Sofern der Mieter eine Löschung dieser Daten wünscht, hat er sie vor Rückgabe des Fahrzeugs durch Zurücksetzen des Infotainment-Systems selbst durchzuführen.
Sollte der Vermieter die in dem Fahrzeug hinterlassenen Daten des Mieters löschen oder löschen lassen, sind sämtliche Ansprüche des Mieters aufgrund des Verlusts dieser Daten ausgeschlossen.
Der Mieter willigt ferner ein, dass der Vermieter im Fahrzeug verbaute Telematik-Systeme auslesen darf, um z. B. Fahrerkartendaten zu erfassen und mit den Angaben des Mieters abzugleichen, den Wartungsstand des Fahrzeugs abzufragen und den Kilometerstand zu kontrollieren.
Die Fahrzeuge des Vermieters mit Ortungs- und Trackingsystemen ausgestattet, welche im Bedarfsfall zur Feststellung des Fahrzeugstandortes eingesetzt werden können.
Einen Bedarfsfall begründet der Verdacht auf Diebstahl oder Unterschlagung sowie Unfälle oder Pannen und eine versäumte Fahrzeugrückgabe.
Sämtliche Daten, die der Mieter vor, während und nach der Mietzeit vom Vermieter zur Nutzung des Fahrzeugs und mit dem Fahrzeug in Verbindung stehender Systeme zur Verfügung gestellt bekommen hat sowie Zugangsdaten und Kennwörter, hat der Mieter von Zugriff durch Dritte zu schützen und vertraulich zu behandeln.
Die Datenschutzerklärung des Vermieters ist für den Mieter auf der Website des Vermieters unter dem Punkt „Datenschutz“ (https://rent1ride.de/) einsehbar.

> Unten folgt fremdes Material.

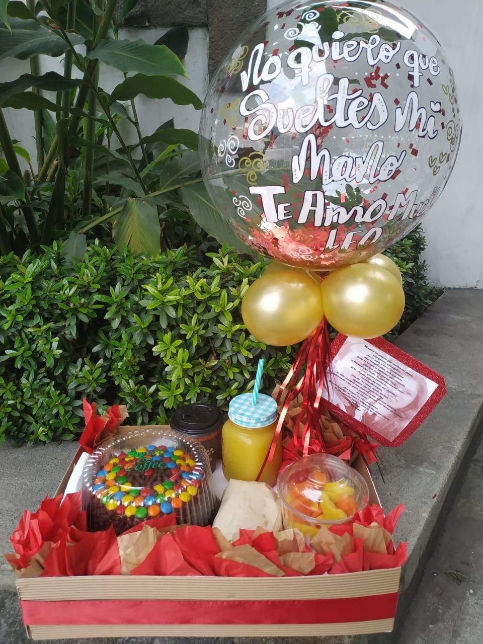 DETALLE PARA CUMPLEAÑERO... JUGO NATURAL EN JARRA MOCCA PAN CON MANTEQUILLA PORCION DE FRUTAS TORTA DE CHOCOLATE O VAINILLA GLOBO PERSONALIZADO
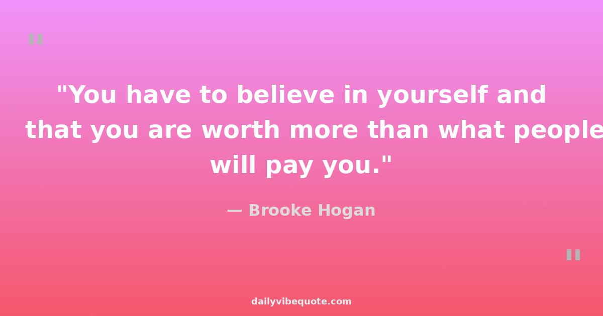 "You have to believe in yourself and that you are worth more than what people will pay you."

XVIII. Salvatorische Klausel/Erfüllungsort/Gerichtsstand
Sollten einzelne Bestimmungen dieser AGB unwirksam oder undurchführbar sein oder werden, bleibt davon die Wirksamkeit der AGB im Übrigen unberührt.
An die Stelle der unwirksamen oder undurchführbaren Bestimmung soll diejenige wirksame und durchführbare Regelung treten, deren Wirkungen der wirtschaftlichen Zielsetzung am nächsten kommen, die die Vertragsparteien mit der unwirksamen bzw. undurchführbaren Bestimmung verfolgt haben.
Entsprechendes gilt auch für etwaige Regelungslücken.
Erfüllungsort für alle Ansprüche aus diesem Vertrag ist der Sitz der Hauptniederlassung des Vermieters.
Ausschließlicher Gerichtsstand für alle Streitigkeiten aus diesem Vertrag ist, soweit der Mieter Kaufmann im Sinne des Handelsgesetzbuches, juristische Person des öffentlichen Rechts oder öffentlich-rechtliches Sondervermögen ist, der Sitz der Hauptniederlassung des Vermieters.
Das gilt auch, wenn der Mieter keinen allgemeinen Gerichtsstand im Inland hat oder seinen Wohnsitz oder der gewöhnliche Aufenthaltsort zum Zeitpunkt einer Klageerhebung nicht bekannt ist.